[Items from a dataset]
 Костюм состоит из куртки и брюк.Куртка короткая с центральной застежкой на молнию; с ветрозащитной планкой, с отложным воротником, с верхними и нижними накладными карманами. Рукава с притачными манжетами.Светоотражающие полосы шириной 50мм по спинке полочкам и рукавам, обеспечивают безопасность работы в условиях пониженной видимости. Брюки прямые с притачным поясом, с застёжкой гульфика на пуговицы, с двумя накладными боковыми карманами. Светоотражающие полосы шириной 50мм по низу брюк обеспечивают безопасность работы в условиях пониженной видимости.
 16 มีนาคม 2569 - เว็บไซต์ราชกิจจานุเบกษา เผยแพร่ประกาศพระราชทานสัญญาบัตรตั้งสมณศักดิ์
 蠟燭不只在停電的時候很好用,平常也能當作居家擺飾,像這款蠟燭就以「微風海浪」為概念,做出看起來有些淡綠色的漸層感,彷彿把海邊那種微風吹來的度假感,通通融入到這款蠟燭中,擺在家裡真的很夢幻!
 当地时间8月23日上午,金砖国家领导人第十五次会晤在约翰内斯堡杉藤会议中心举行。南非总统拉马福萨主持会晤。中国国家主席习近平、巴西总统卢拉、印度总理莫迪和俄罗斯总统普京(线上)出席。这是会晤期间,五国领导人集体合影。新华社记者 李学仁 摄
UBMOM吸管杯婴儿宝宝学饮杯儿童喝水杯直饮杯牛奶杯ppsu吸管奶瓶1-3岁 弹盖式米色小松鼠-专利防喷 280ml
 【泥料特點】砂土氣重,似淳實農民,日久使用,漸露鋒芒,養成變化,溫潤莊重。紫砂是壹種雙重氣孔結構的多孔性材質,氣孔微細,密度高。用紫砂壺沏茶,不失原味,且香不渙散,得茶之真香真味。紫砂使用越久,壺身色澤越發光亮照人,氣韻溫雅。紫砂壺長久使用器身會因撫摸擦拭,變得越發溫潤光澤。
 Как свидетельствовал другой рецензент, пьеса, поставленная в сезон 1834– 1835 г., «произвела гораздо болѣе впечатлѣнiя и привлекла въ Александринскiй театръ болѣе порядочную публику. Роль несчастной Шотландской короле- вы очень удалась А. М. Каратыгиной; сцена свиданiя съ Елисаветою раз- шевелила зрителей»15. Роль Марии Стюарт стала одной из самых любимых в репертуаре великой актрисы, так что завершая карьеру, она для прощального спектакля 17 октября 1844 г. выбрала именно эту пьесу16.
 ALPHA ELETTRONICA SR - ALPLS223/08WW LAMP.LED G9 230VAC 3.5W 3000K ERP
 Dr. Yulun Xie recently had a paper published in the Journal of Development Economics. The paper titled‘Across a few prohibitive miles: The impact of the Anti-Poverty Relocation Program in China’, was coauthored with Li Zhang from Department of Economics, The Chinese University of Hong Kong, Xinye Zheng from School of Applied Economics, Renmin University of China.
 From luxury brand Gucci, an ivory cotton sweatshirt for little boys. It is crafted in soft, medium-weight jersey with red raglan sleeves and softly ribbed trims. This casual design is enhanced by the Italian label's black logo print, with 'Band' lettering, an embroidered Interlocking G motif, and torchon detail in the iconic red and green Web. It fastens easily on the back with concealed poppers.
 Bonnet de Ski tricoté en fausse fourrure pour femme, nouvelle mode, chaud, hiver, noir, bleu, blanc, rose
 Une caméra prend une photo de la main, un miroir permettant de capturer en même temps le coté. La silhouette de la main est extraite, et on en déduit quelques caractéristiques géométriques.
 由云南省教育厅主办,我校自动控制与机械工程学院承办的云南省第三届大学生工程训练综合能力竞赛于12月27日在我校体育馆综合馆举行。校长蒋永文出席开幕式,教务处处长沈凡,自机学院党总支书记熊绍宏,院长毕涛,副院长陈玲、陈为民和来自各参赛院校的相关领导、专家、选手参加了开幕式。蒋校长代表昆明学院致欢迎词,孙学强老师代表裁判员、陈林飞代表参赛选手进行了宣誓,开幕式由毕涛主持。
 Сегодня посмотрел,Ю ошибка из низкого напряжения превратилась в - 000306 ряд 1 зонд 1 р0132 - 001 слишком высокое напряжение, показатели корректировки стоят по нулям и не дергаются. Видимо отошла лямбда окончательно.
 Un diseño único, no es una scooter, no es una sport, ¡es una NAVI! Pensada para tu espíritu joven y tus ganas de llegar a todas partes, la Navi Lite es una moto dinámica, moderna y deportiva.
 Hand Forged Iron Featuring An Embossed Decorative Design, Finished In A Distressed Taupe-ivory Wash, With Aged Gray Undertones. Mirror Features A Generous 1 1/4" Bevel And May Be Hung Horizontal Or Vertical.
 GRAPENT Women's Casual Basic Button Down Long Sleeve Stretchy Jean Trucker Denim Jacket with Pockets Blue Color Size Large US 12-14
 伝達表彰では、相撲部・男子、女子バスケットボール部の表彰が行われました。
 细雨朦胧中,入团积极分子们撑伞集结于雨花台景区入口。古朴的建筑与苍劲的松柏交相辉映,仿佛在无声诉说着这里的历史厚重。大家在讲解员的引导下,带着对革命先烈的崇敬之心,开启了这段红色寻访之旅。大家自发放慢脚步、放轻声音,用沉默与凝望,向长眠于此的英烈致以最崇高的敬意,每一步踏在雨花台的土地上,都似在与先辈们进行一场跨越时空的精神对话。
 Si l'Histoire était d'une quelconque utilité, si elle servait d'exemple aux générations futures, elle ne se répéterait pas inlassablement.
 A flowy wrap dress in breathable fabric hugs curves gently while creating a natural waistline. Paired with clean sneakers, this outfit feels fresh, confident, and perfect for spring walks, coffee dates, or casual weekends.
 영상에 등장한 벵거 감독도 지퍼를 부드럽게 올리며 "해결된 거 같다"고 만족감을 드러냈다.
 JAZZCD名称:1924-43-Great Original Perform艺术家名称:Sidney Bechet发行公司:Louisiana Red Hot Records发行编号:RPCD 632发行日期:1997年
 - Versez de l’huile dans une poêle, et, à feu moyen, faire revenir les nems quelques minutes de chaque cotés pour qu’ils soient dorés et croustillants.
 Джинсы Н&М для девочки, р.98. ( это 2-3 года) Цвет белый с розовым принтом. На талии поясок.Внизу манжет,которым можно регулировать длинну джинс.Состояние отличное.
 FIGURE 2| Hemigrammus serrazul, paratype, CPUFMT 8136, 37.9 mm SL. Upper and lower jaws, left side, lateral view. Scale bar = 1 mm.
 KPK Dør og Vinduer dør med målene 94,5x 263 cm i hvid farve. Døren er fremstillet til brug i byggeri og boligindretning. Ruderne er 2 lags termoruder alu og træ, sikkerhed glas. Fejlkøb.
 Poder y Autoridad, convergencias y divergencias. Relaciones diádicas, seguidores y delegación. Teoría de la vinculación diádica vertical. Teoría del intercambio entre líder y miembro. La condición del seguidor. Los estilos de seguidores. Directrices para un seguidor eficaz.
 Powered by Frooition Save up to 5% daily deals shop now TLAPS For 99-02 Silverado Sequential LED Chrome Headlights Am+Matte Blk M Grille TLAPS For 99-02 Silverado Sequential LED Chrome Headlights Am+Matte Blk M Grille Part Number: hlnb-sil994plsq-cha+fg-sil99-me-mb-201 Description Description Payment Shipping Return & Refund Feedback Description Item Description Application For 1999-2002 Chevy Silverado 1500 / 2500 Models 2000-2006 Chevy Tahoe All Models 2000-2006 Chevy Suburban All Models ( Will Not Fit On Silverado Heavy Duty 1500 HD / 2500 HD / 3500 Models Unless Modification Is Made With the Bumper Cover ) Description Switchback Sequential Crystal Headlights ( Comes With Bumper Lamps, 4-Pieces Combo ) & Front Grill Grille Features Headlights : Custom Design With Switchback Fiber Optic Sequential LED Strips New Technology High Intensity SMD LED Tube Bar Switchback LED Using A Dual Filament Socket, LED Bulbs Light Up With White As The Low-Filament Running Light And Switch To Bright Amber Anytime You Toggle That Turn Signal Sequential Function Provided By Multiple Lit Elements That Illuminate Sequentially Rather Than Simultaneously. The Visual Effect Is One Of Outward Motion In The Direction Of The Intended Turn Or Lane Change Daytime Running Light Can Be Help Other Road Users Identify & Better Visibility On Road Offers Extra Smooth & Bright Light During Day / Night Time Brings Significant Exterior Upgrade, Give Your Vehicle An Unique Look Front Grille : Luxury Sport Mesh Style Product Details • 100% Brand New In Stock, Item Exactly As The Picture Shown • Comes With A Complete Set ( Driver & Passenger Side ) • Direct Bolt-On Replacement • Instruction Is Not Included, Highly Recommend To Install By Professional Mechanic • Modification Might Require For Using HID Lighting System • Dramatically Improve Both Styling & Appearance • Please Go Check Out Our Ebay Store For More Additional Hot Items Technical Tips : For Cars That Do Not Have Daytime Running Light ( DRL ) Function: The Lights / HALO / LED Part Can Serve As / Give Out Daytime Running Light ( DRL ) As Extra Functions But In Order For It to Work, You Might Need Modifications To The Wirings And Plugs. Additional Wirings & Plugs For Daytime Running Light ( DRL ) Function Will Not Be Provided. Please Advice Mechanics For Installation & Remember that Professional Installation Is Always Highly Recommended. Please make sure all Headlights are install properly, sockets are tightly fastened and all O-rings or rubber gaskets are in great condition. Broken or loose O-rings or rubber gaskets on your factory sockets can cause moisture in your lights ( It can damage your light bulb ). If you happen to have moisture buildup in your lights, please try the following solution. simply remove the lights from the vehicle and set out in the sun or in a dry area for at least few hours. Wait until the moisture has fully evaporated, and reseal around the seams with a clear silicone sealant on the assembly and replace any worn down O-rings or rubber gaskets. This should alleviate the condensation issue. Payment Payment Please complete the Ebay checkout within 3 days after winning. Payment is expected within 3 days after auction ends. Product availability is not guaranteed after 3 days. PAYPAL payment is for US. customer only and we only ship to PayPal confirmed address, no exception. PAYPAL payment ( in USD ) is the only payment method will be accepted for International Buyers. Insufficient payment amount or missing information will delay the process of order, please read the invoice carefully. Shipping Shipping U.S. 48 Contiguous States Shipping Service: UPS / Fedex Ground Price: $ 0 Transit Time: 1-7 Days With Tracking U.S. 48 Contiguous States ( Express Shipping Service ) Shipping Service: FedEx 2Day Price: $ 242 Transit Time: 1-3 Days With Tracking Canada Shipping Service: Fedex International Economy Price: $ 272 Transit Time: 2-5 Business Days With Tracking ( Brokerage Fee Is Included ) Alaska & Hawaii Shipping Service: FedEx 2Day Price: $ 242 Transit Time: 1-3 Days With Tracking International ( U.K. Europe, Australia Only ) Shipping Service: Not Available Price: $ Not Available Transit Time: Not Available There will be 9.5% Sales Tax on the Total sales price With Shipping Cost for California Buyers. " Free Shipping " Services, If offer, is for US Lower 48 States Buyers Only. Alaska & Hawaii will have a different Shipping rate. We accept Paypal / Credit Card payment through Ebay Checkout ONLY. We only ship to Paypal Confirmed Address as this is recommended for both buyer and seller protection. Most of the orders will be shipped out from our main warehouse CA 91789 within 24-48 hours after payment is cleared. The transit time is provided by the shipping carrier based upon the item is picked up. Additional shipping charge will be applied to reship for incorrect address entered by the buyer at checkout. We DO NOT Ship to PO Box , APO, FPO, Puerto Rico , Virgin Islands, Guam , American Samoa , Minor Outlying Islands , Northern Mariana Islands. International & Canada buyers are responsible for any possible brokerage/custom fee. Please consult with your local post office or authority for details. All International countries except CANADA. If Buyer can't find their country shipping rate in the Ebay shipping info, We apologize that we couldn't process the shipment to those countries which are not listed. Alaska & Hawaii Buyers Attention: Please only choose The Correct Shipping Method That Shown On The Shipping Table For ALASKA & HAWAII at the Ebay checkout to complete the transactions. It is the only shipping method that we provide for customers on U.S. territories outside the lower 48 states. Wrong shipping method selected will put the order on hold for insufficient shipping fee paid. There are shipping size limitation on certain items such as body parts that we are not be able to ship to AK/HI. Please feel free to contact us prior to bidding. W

**BRIEF:** From the entries above, give again exactly the lines running from the line with "Hand Forged Iron" to the line with "Si l'Histoire était"; include both of those lines.

**EXERCISE ANSWER:**
 Hand Forged Iron Featuring An Embossed Decorative Design, Finished In A Distressed Taupe-ivory Wash, With Aged Gray Undertones. Mirror Features A Generous 1 1/4" Bevel And May Be Hung Horizontal Or Vertical.
 GRAPENT Women's Casual Basic Button Down Long Sleeve Stretchy Jean Trucker Denim Jacket with Pockets Blue Color Size Large US 12-14
 伝達表彰では、相撲部・男子、女子バスケットボール部の表彰が行われました。
 细雨朦胧中,入团积极分子们撑伞集结于雨花台景区入口。古朴的建筑与苍劲的松柏交相辉映,仿佛在无声诉说着这里的历史厚重。大家在讲解员的引导下,带着对革命先烈的崇敬之心,开启了这段红色寻访之旅。大家自发放慢脚步、放轻声音,用沉默与凝望,向长眠于此的英烈致以最崇高的敬意,每一步踏在雨花台的土地上,都似在与先辈们进行一场跨越时空的精神对话。
 Si l'Histoire était d'une quelconque utilité, si elle servait d'exemple aux générations futures, elle ne se répéterait pas inlassablement.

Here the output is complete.